• _Task objective_
An exact copy of every record, without the pictures, is what should come back.

• _Exercise material_
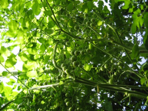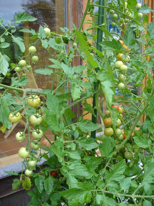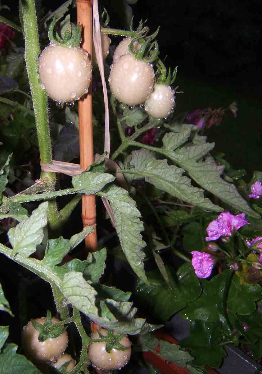 Seit Anfang August geht bei diesen Coctailtomaten (Idyll) wirklich gar nichts mehr weiter. Es grünt so grün. Sie triefen im Regen.
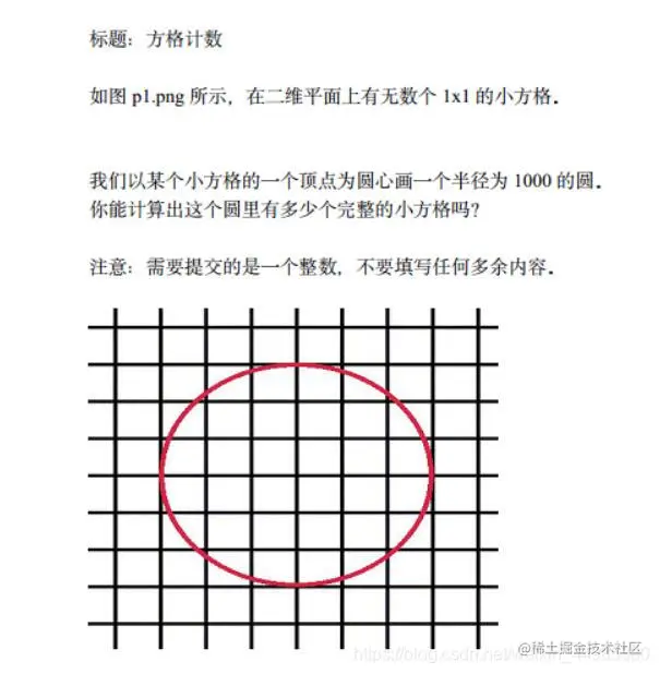 其中在这一道题中比较容易出错的一个地方是,万望各位会有小伙伴们按照传统的思想去将整个圆形的半径或直径直接拿去计算,然后根据对称原则对计算出二分之一部分的方格数或者四分之一的方格数,然后再乘以相应的倍数来求解,其实这样的想法是没有错的,但是在对于这一道题来说,这样的解法就行不通了,因为弧形所在范围是不确定的,占用每一个方格的大小也是不确定的,所以并不能据此进行估算
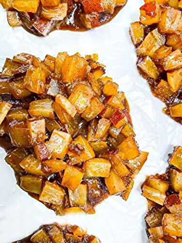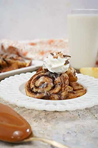 With just a five ingredients, you can enjoy cooked apples topped with cinnamon rolls, caramel, and toffee bits.
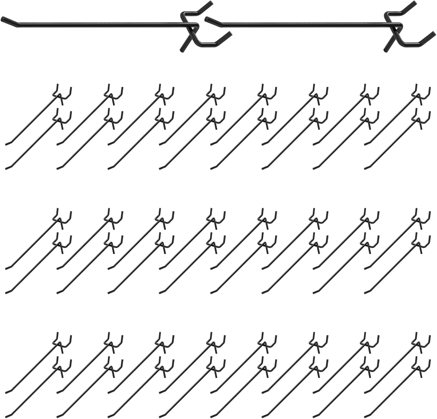 - [50Pcs Peg Board Shelving Hook] You will receive 50pcs 6"/15CM black peg board display hooks. Their thickness is approx. 4 mm/ 0.16 inch. The enough quantity will meet your space planning or replacement needs. Ideal Peg Board Organizer Accessories for Garage Tool Organization.
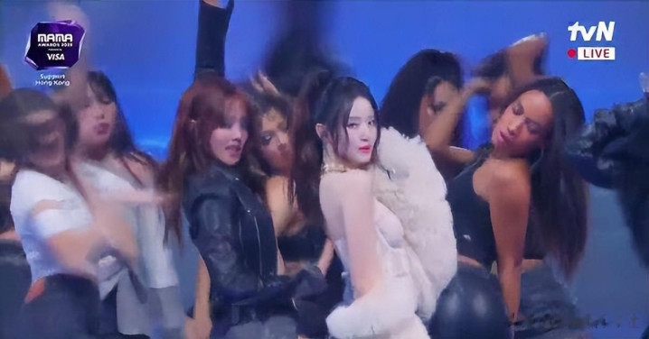 组合I-DLE成员MINNIE在“2025 MAMA Awards”舞台上脚踝受伤。
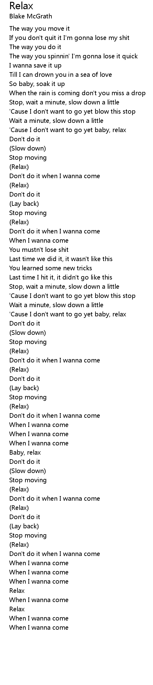 'Cause I don't want to go yet baby, relax |
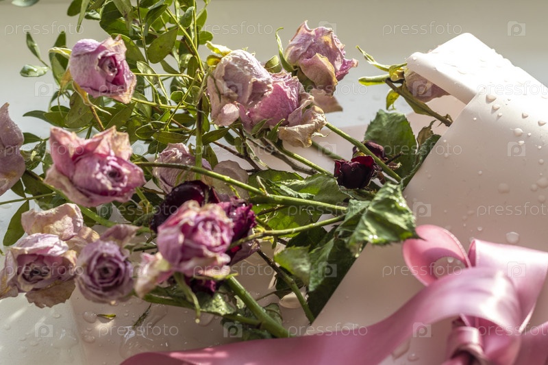 Концептуальный снимок фоновой темы, оберточной бумаги, сушеных роз, других цветов и других композиций. День святого Валентина
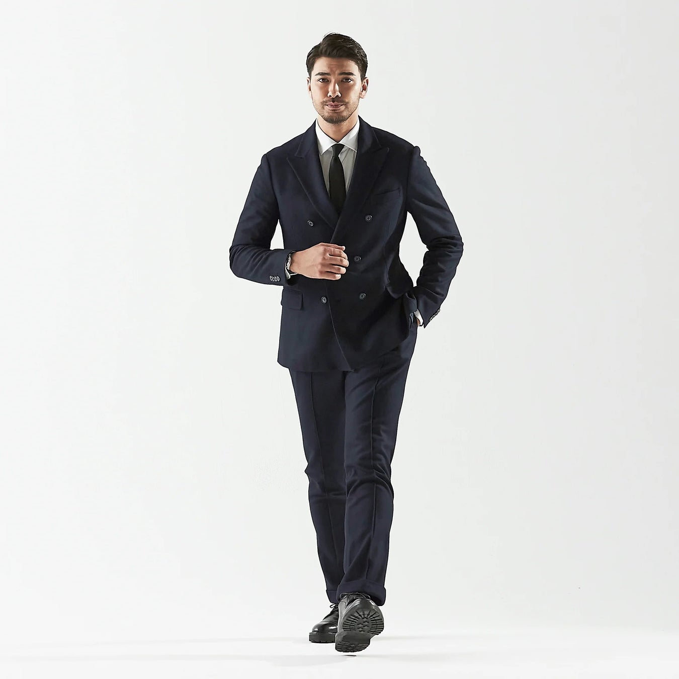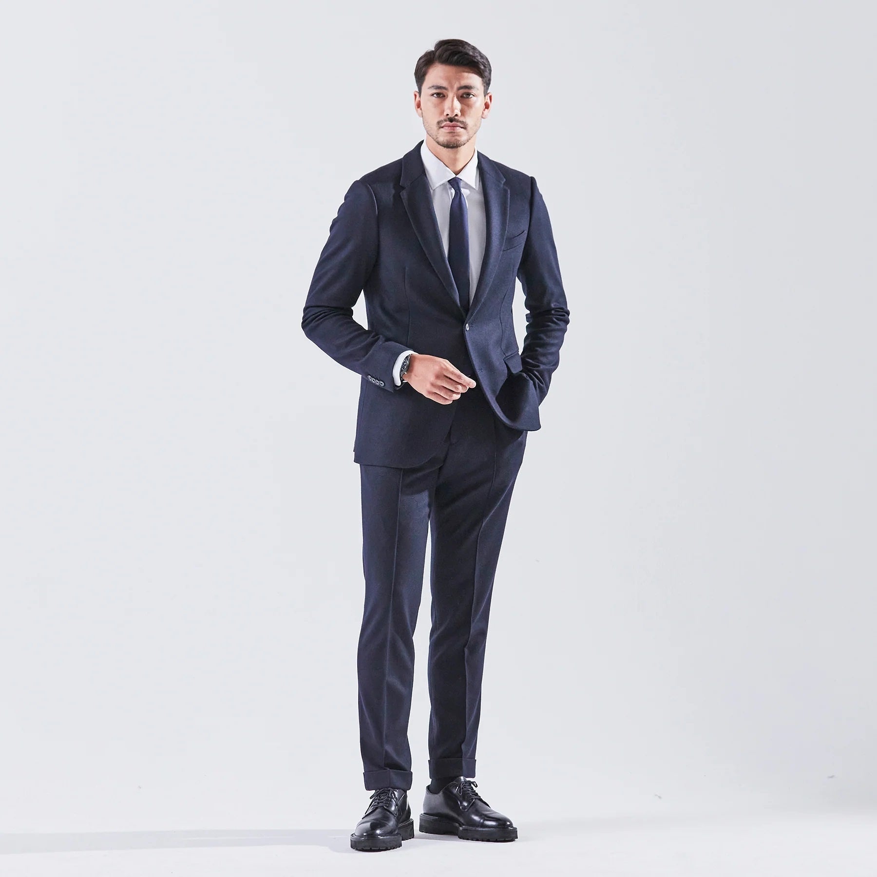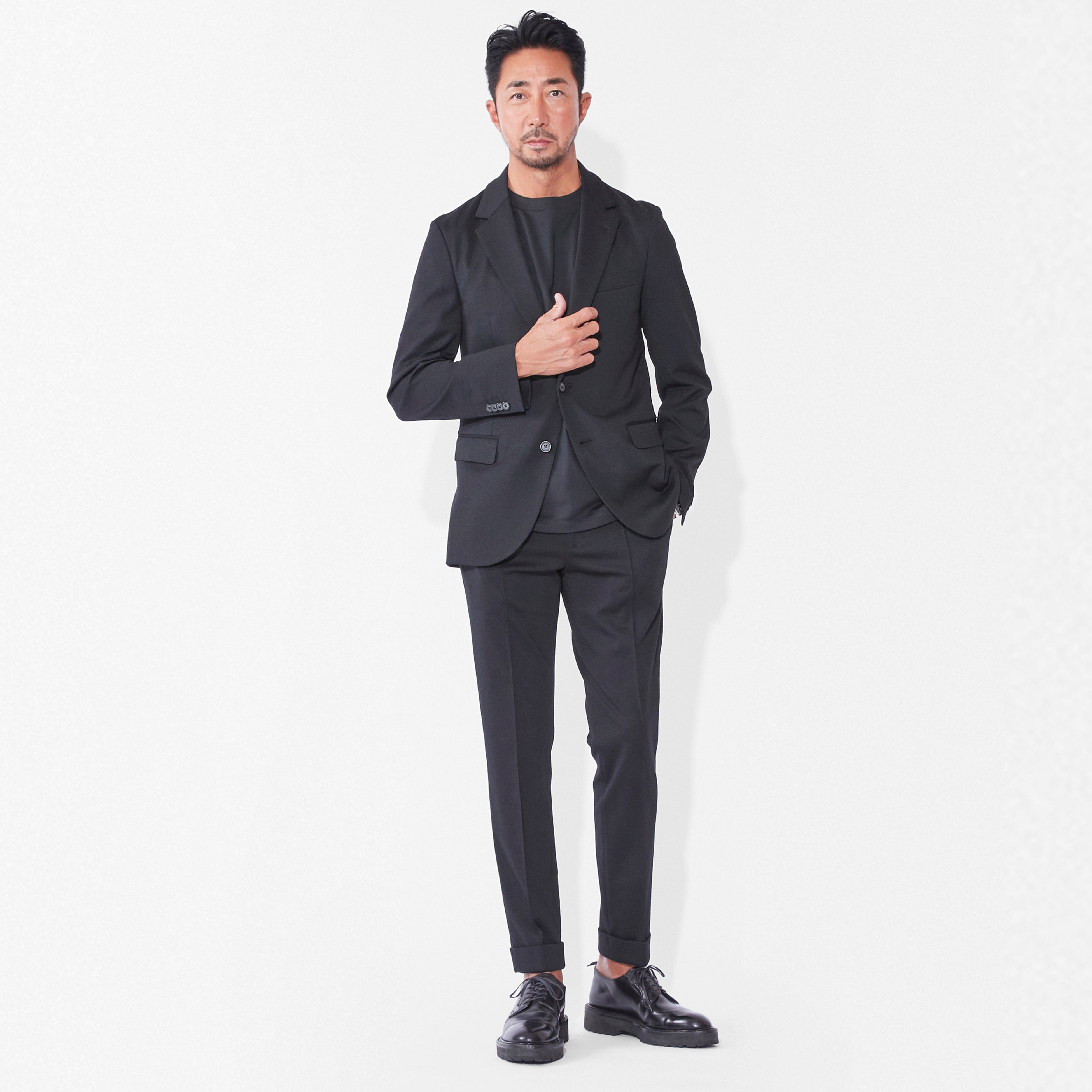 無駄をそぎ落とした洗練されたデザイン性と、見た目の高級感や重厚感からは想像できない“ジャージーならではの伸縮性”が、忙しく活動するビジネスパーソンから支持されています。

• _Output for this task_
 Seit Anfang August geht bei diesen Coctailtomaten (Idyll) wirklich gar nichts mehr weiter. Es grünt so grün. Sie triefen im Regen.
 其中在这一道题中比较容易出错的一个地方是,万望各位会有小伙伴们按照传统的思想去将整个圆形的半径或直径直接拿去计算,然后根据对称原则对计算出二分之一部分的方格数或者四分之一的方格数,然后再乘以相应的倍数来求解,其实这样的想法是没有错的,但是在对于这一道题来说,这样的解法就行不通了,因为弧形所在范围是不确定的,占用每一个方格的大小也是不确定的,所以并不能据此进行估算
 With just a five ingredients, you can enjoy cooked apples topped with cinnamon rolls, caramel, and toffee bits.
 - [50Pcs Peg Board Shelving Hook] You will receive 50pcs 6"/15CM black peg board display hooks. Their thickness is approx. 4 mm/ 0.16 inch. The enough quantity will meet your space planning or replacement needs. Ideal Peg Board Organizer Accessories for Garage Tool Organization.
 组合I-DLE成员MINNIE在“2025 MAMA Awards”舞台上脚踝受伤。
 'Cause I don't want to go yet baby, relax |
 Концептуальный снимок фоновой темы, оберточной бумаги, сушеных роз, других цветов и других композиций. День святого Валентина
 無駄をそぎ落とした洗練されたデザイン性と、見た目の高級感や重厚感からは想像できない“ジャージーならではの伸縮性”が、忙しく活動するビジネスパーソンから支持されています。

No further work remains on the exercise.